Por aquellas fechas encontrar tanta diversidad social en el metro de Madrid era impensable. Los ricos y las personas de alta representación no podían mezclarse con obreros, estudiantes y muchachas de servicio. Faltó visión para prever que el metro no podía ser exclusivo de las capas sociales menos favorecidas.
El metro que he encontrado después de una larga etapa profesional fuera de España no es tan eficaz como el de Bonn, ni tan limpio, pero sí menos provinciano. No es tan perfecto como el de Hamburgo, ni tan completo como el de Londres, eso está claro. Sin embargo, es más que aceptable si asumimos sus defectos estructurales y nos regocijamos con sus ventajas. Se acaba de completar el trayecto hasta la Ciudad Universitaria, muchísimos años después de que Alfonso XIII pusiera en marcha aquel complejo docente. Un ejemplo más de la endémica miopía planificadora. Pero más vale tarde que nunca.
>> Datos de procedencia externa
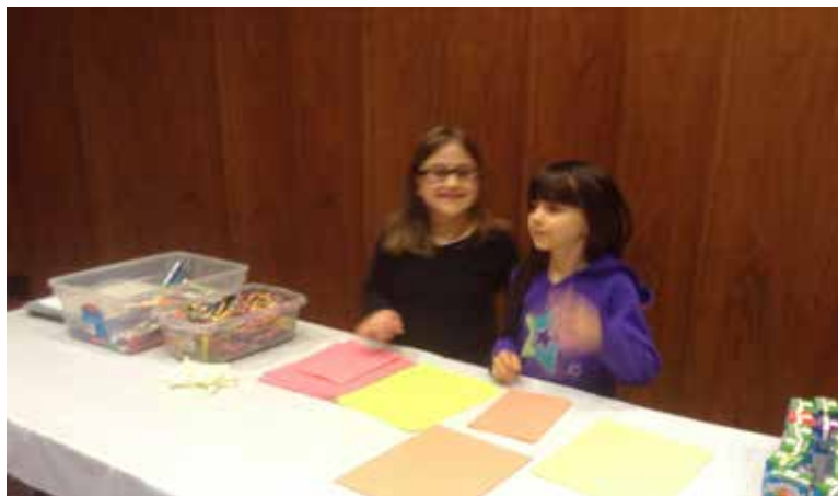
Congregants and students participate in Mitzvah Day.
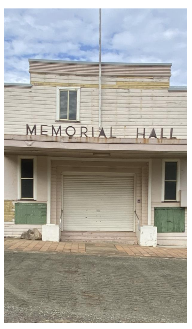
Mallanganee War Memorial Hall
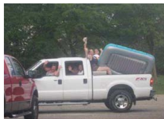
HONs load up for a trip to beach at Gov. Dodge Park
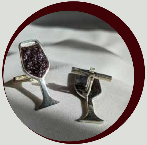
Saperavi wine crystals Harvest 2020. Kakheti, Georgia.
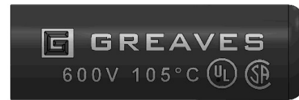
Table 1 – PT-FX Selection Guide
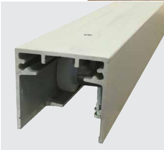
CS SofStop track and carriage.
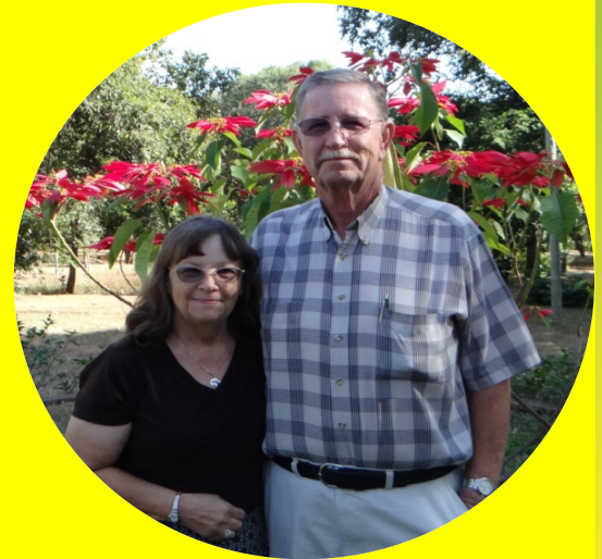
Front of Our House At The Mission. Our Favorite Place.
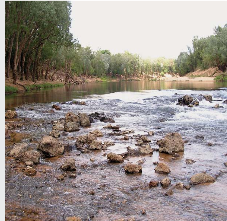
Ooloo Crossing, Daly River

Department of Natural Resources, Environment, The Arts and Sport Randazzo Centre, 16 Katherine Terrace, Katherine PMB 123, Katherine NT 0852 Ph: 8973 8115 Email: water.nretas@nt.gov.au
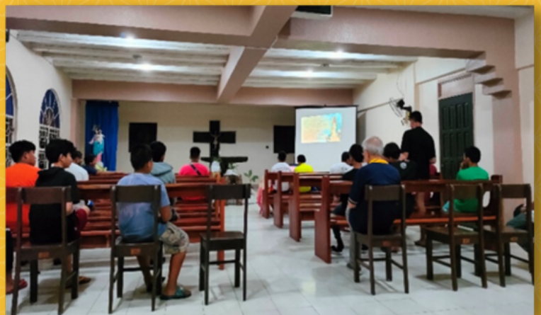
The Marcellin Boys during their prayer time.
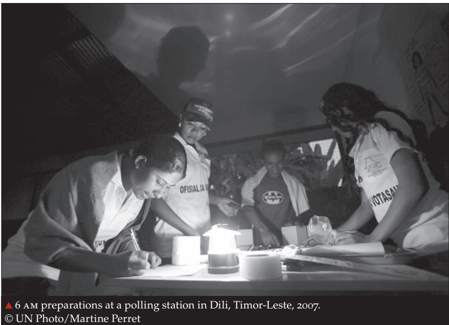
▲ 6 AM preparations at a polling station in Dili, Timor-Leste, 2007.

EMBs can play a key role in highlighting gender issues in elections by identifying obstacles that hinder the participation of women, and by
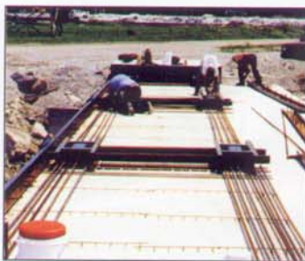
Deck assembly begins with side channels, steel nests and rebar.

The deck has a free-floating (360°) bridge design, for high accuracy and has a low 16-inch profile with a full six-inches of clearance under the deck for easy clean-out. Higher clearances are available. The load cells are accessed from the top, and the platform is totally safe for explosive areas. Standard decks are 10 feet and 11 feet wide, and up to 180 feet or more in total length. (Multiple platforms may be needed for scales over certain lengths.)
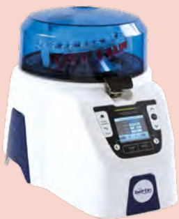
Precellys® Evolution Super Homogenizer
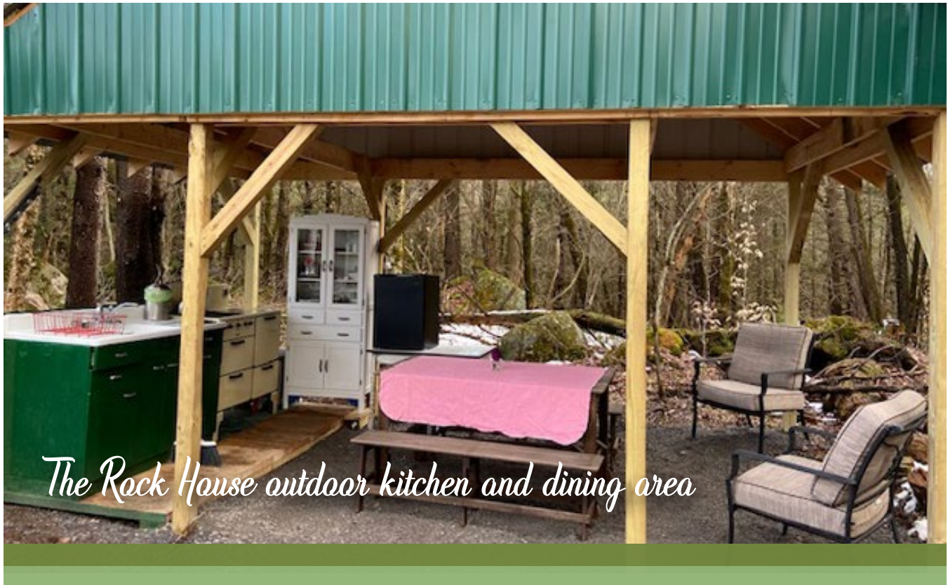
The Rock House outdoor kitchen and dining area

El metro madrileño es hoy día el medio más rápido para trasladarse de un extremo a otro, en horas puntas o días de lluvia. Es barato si comparamos el precio de un billete normal con el de la gasolina. A un ciudadano de Bonn le vale el trayecto mínimo 2,20 marcos (150 pesetas). Pero el litro de gasolina le cuesta casi la mitad: unas 70 pesetas. Un madrileño puede viajar en el metro por 50 pesetas, y más barato si utiliza el bono especial o el billete de ida y vuelta. Sin embargo, el litro de gasolina le cuesta, aproximadamente, el doble. No comulga con este argumento, y sus razones tendrá, quien haya pintado con trazos negros Metro gratuito en uno de los pasillos de la estación de O'Donnell. Leo la pintada antes de disponerme a subir a la superficie, donde todos los días a la misma hora me espera el espectáculo habitual. Cientos de coches en punto muerto, procedentes de la M-30, forcejean para penetrar hacia la zona neurálgica de Madrid. No sé si esta algarabía de motores y cláxones estará relacionada con la nueva pintada que acabo de descubrir, en la misma estación, y que reproduzco con su singular ortografía: No hay noche sin día ni libertad sin anarkia.